Task item: Given the entries that follow, write out exactly the lines starting at the one containing "하나씩 시전합니다. |" and ending at the one containing "Сенсорные электронные программируемые", both ends included, and only those.

Entries shown:
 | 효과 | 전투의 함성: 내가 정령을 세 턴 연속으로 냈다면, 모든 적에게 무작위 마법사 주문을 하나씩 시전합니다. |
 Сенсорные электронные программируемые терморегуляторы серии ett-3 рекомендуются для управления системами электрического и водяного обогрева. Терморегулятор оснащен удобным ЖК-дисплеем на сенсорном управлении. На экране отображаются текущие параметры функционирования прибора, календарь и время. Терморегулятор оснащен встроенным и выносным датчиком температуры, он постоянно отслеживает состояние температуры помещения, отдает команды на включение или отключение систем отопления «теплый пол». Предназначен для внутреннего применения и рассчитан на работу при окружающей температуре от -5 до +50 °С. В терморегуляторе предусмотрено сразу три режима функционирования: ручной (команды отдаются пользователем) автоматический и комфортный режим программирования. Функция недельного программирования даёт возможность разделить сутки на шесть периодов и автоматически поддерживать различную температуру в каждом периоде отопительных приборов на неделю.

...

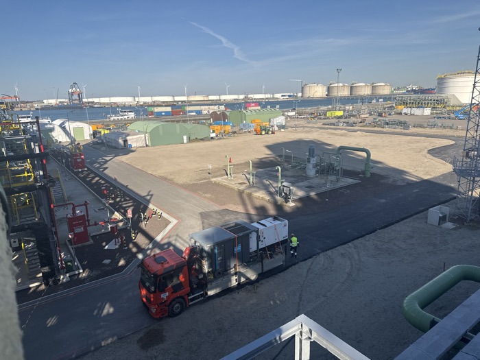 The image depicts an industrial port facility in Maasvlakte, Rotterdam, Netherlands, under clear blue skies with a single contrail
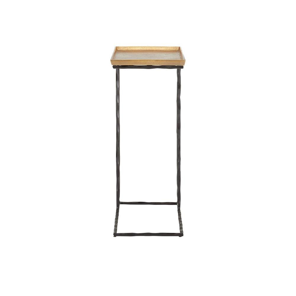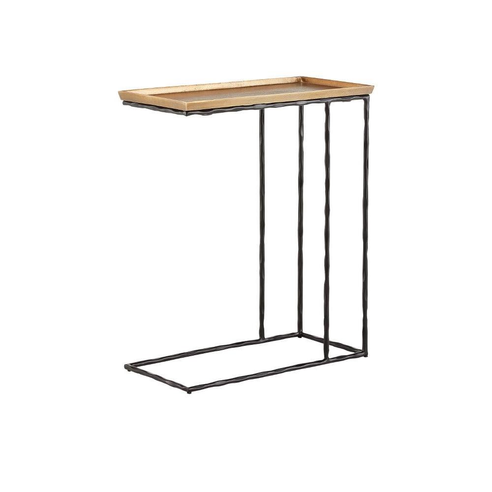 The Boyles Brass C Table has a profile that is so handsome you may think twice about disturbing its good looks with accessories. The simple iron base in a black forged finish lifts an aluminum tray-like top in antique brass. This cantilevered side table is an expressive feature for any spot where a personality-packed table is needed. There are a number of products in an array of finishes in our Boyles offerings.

Output for this task:
 | 효과 | 전투의 함성: 내가 정령을 세 턴 연속으로 냈다면, 모든 적에게 무작위 마법사 주문을 하나씩 시전합니다. |
 Сенсорные электронные программируемые терморегуляторы серии ett-3 рекомендуются для управления системами электрического и водяного обогрева. Терморегулятор оснащен удобным ЖК-дисплеем на сенсорном управлении. На экране отображаются текущие параметры функционирования прибора, календарь и время. Терморегулятор оснащен встроенным и выносным датчиком температуры, он постоянно отслеживает состояние температуры помещения, отдает команды на включение или отключение систем отопления «теплый пол». Предназначен для внутреннего применения и рассчитан на работу при окружающей температуре от -5 до +50 °С. В терморегуляторе предусмотрено сразу три режима функционирования: ручной (команды отдаются пользователем) автоматический и комфортный режим программирования. Функция недельного программирования даёт возможность разделить сутки на шесть периодов и автоматически поддерживать различную температуру в каждом периоде отопительных приборов на неделю.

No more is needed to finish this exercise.